I admitted that I was confused by the Portland food scene today. That the serving of pickled pig’s ears at a famous Portland food haunt (a food that was discarded as scrap and eaten by a people who could generally afford nothing else) seemed pretentious to me. That I was the one foraging for dandelion greens in spring not because it was in vogue to do so but because it made sense.
Dandelion greens, as with many wild foods, are a highly nutritious perennial food source that were overlooked for hybridized varieties. Now, of course, along with nettles and ramps, they are becoming hotter than a stock-market tip — which is both good and bad. There are many stories of foragers damaging the land in an effort to sell the goods to restaurateurs who want to “coax the flavor of the forest floor” onto a plate. My oh my.
Groping for a way to explain myself to her — knowing she had not read my book, A Householder’s Guide to the Universe — I summed it up by saying I was committed to “urban peasant eating.” It was a phrase in a long line of phrases or words I have used to describe my life. Urban homesteader, householder, and now urban peasant.
Frankly, I knew it had a ring to it. A way of capturing a movement and yearning, but I hated that I knew that. I hated that side of my brain — the one that loved capturing the wild, evolving spirit of a movement in a single catchy phrase. Hated and loved it.
And just that fast, her eyes lit up. Urban peasant eating. Just so. We both knew a book was being born. She the clever macher, as they say in Yiddish: the one that makes things happen. And me, the conflicted urban peasant that loved/hated the ability to coin a phrase.
She got what I was saying, if only as a hook for the next trend or analysis of something that is more about a commitment to frugality, the environment, and the coming food-scarcity crisis than a way to sell magazines and books.
Which is a problem we all face, and don’t I know it. We food lovers, growers, writers, and chefs are faced with a conundrum: How do we capture the simple art of simple living while still managing to pay the bills? How do we balance lives of rural ethics with our big-city cost of living? How do we stay real and significant in our representations of the zeitgeist of food and culture when culture has been rebranded so many times as to be rendered damn near lifeless?

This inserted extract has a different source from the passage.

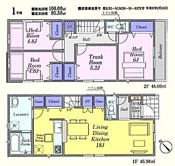 • (1号棟)、3LDK+S、土地面積100.14m2、建物面積97.2m2

What do you do when the word “artisan” has a carbon dating to match the shelf life of a bag of Cheetos, or when irony has replaced substance as the milieu of a conversation, and when talking about the privatization of seeds and water and, dare I say it, the root of all civilization has become “tiresome” to those who might rather powder their wigs.?
And so after saying goodbye to my good friend and promising to make us a good old-fashioned brisket dinner, I finished my shopping. Two pounds of Rainier cherries that I already knew would be eaten chilled while I soaked in a hot bath (a tradition that is both naughty and nice), a lovely bit of a fresh young cheese for $10 that I would sparingly spread on crusty bread, the last of the season’s asparagus, and two pints of strawberries that would become the evening’s dinner.
Though my mate would never have considered strawberry shortcake acceptable for dinner, on this day, this glorious new day, I would be coaxing the flavors of freedom and vine-ripened sweetness out onto a plate in a trend-defining tradition of its own. For a little less than a dollar per serving, I made and ate biscuits, just whipped cream, and strawberries floating in a sugary syrup. Dessert for dinner — what a revelation! And perfect for my new independent and grateful palate. (Recipe coming soon in the new urban-peasant cookbook.)